(Sorry for my bad english!!)
Problem (QBSEGPAR — Vietnam Olympiad of Informatics 2005): For an integer array a1, a2, ..., an and a integer k. Determine the smallest integer M to divide the array into k non-empty parts so that the sum of the elements in each parts does not exceed M.
- Constraints: k ≤ n ≤ 15000, |ai| ≤ 30000.
UPD: For example, we have n = 5, k = 3, and the array is 4, 3, 2, 1, 5. Then here is one way to divide the array into 3 parts: [4, 3], [2], [1, 5]. You can also represent one way to divide the array into k parts by an array x1, x2, ..., xk (1 ≤ x1 < x2 < ... < xk = n) which part ith (i > 1) is subarray [xi - 1 + 1..xi] (first part is subarray [1..x1]).
I have an 
solution, which we do binary seaching for M, and dp to check if this M could satisfy (let f(i, j) = true means you could divide array a[1..i] into j parts so that the sum of the elements in each of j parts does not exceed M. Otherwise, f(i, j) = false. Then we can divide array a[1..n] into k satisfied parts if f(n, k) = true). Of course this couldn't pass all tests.

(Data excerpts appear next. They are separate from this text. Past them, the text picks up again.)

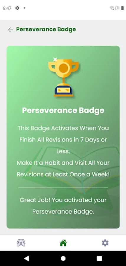 Three motivational badges will light up as you mark the items of the list as done, this will help you stay motivated to make you all your list revised continuously to keep the badges turned on.
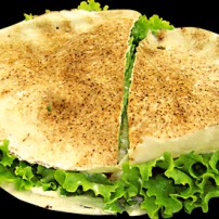 Feito com kafta assada,alface,tomate,pepino em conserva,cebola no pão libanes
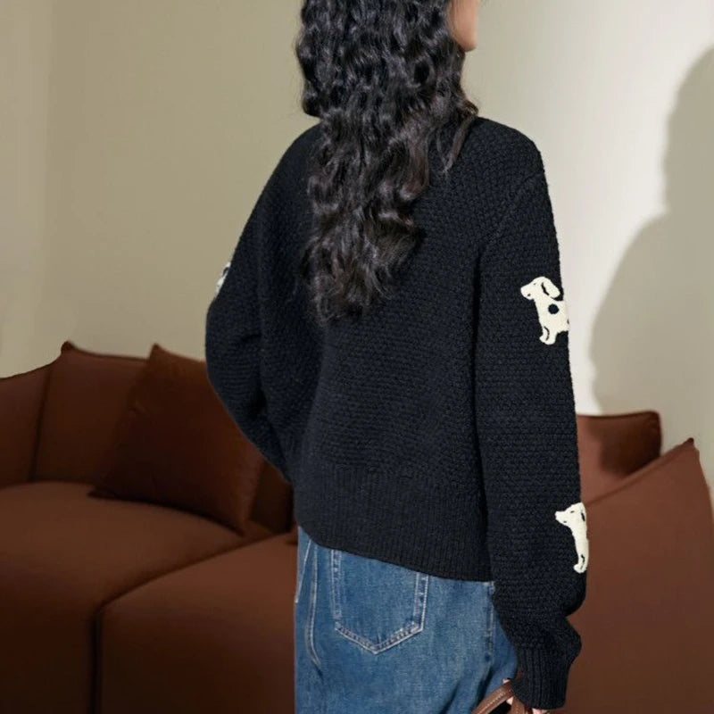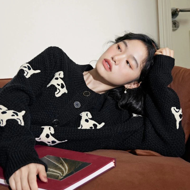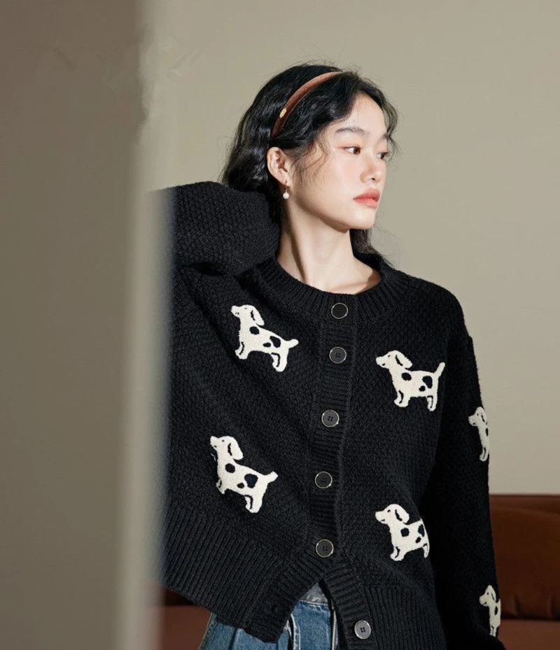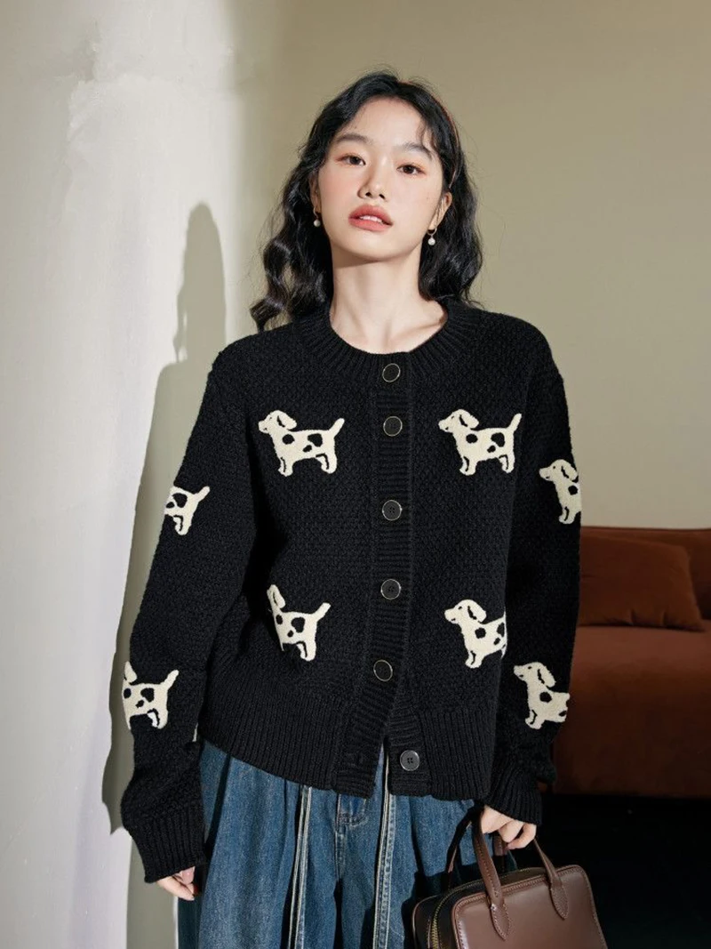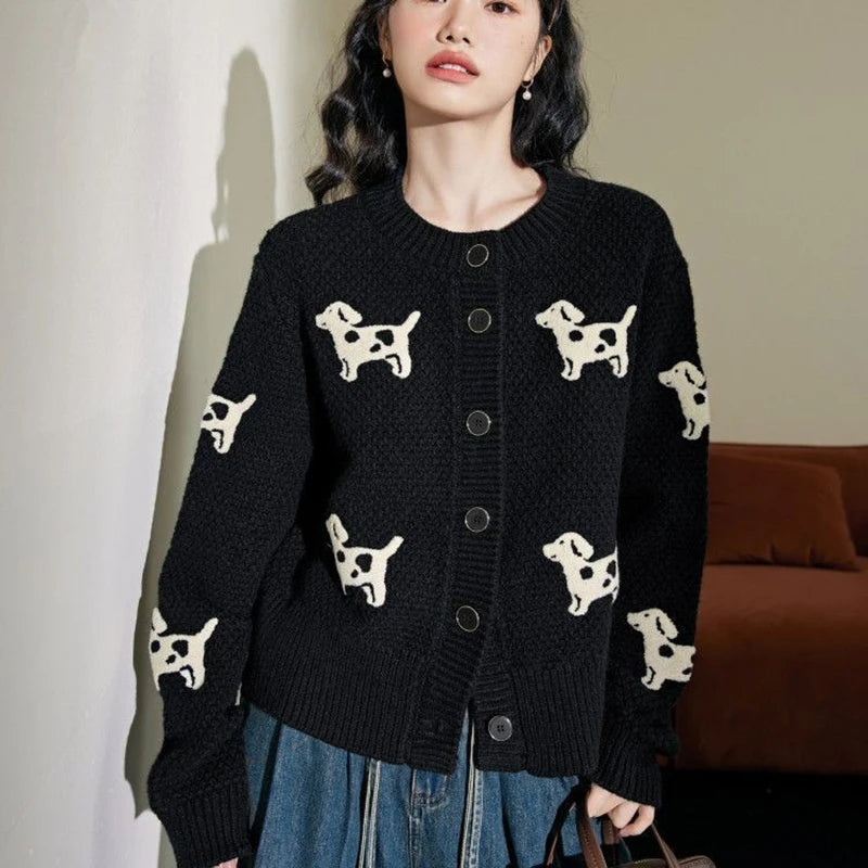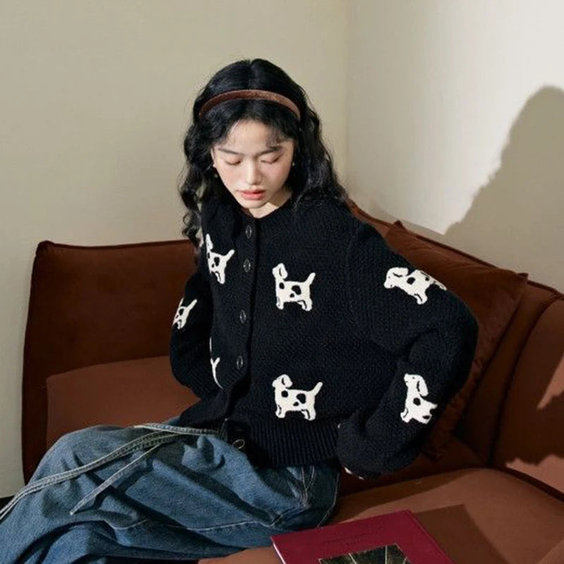 GETADME Black Knitted Cardigan Women Sing-Breasted Puppy O-Neck Loose Casual Sweater Fashion Lazy High Street Harajuku Y2K Tops
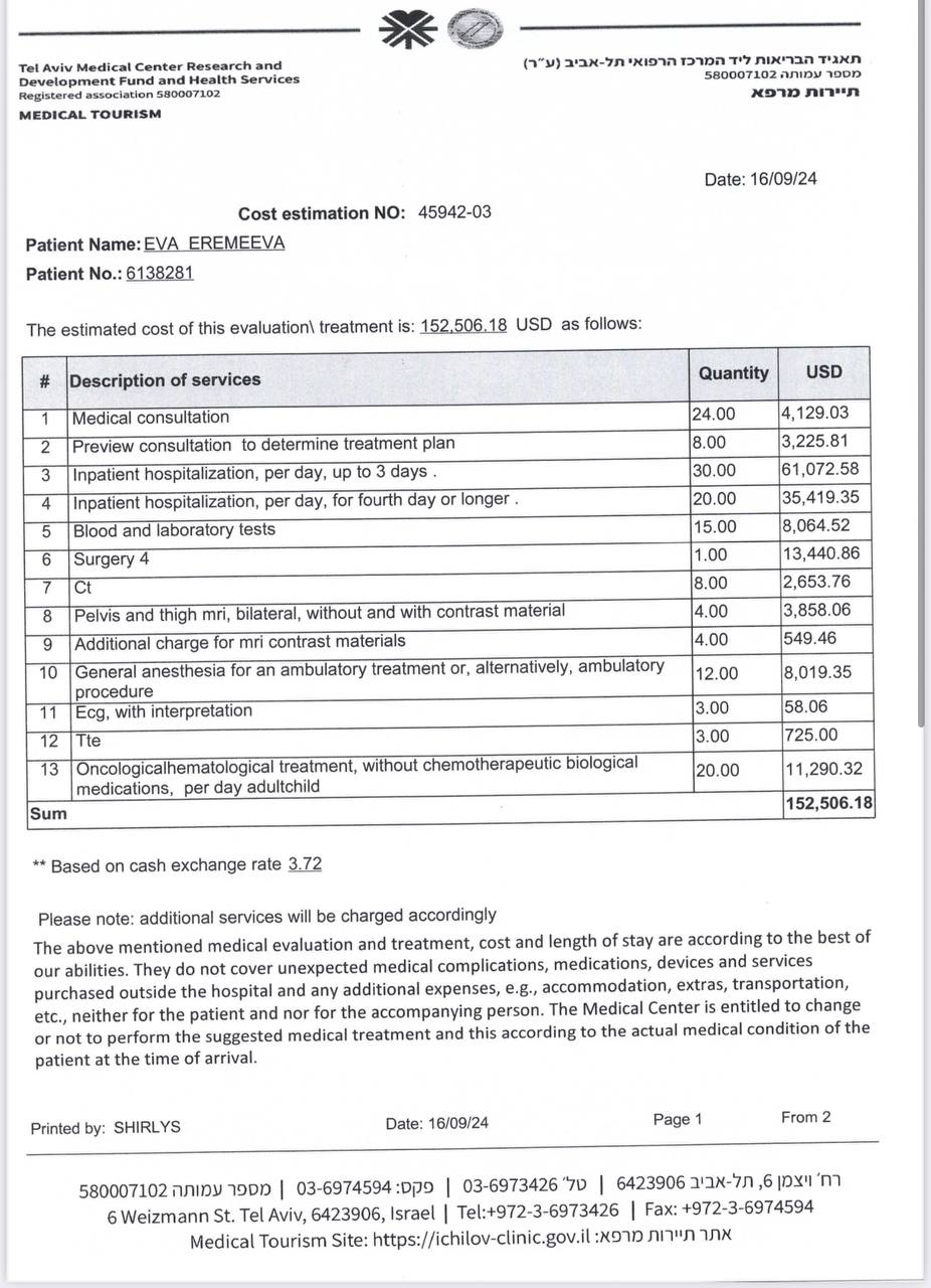 + 8.000$ операция по сохранению яичника + радио терапия (на неё ещё нет счета)

Then I checked for the solution. Here is it, we also do binary searching for M, but for each M, we do a different dp:
- fi = minimum number of parts which has sum of elements does not exceed M that you could divide from array a[1..i].
- gi = maximum number of parts which has sum of elements does not exceed M that you could divide from array a[1..i].

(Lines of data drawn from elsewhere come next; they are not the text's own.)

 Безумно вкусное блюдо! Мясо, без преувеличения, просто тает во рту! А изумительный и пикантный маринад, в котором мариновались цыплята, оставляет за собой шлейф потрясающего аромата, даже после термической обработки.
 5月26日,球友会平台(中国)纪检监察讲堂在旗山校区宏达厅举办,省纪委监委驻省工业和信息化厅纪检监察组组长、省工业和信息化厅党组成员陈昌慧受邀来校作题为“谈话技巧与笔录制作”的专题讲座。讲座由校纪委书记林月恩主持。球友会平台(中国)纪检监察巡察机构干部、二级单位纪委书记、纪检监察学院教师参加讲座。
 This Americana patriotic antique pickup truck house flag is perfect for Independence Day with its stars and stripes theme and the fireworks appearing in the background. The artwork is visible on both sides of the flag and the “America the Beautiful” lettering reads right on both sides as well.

Required complexity is o(nlogn2). We can calculate f and g by o(nlogn) dp, which need segment tree or Fenwick tree (i haven't done it), or simple o(n2) dp. Okay, now here is the checking part, which is unclear to me: The solution said that array a[1..n] could divide into k satisfied parts if fn ≤ k ≤ gn. I think this might not be right. In my opinion, we can divide array a[1..n] into minimum fn satisfied parts, maximum gn satisfied parts, but it doesn't mean we can divide the array into k satisfied parts which fn ≤ k ≤ gn.
Could you tell me how to prove this solution right or wrong? Thanks for your help!
There was a mistake in complexity. Complexity of binary searching should be log(n * 30000) because my search range was [ - 30000 × n, 30000 × n] (I was so lazy to search for more efficent range).
divide the array into k non-empty pathsWhat do you mean by a path? A subarray?
I'm 99 percent sure that's what he meant by a path (given that the solutions he discusses would make sense that way and that the subsequence variant doesn't seem solvable, at least not this easily, in polynomial time)
If "part" is a non-contiguous subarray, then this is Minimum makespan scheduling, which is NP-hard.
Yes, paths are subarrays, sorry for not include that. For example, we have n = 5, k = 3, and the array is 4, 3, 2, 1, 5. Then here is one way to divide: [4, 3], [2], [1, 5]. You can also represent one way to divide the array into k paths by an array x1, x2, ..., xk (1 ≤ x1 < x2 < ... < xk = n) which path ith (i >
21) is subarray [xi - 1 + 1..xi] (first path is subarray [1..x1]).My mistake, i was using wrong word. 'parts', not 'paths'.
Auto comment: topic has been updated by tantam75 (previous revision, new revision, compare).
Let P = {[1 = i0, i1], [i1 + 1, i2], ... [ifn - 1 + 1, ifn = n]} be a partition into fn parts; and let Q = {[1 = j0, j1], [j1 + 1, j2], ... [jgn - 1 + 1, jgn = n]} be a partition into gn parts.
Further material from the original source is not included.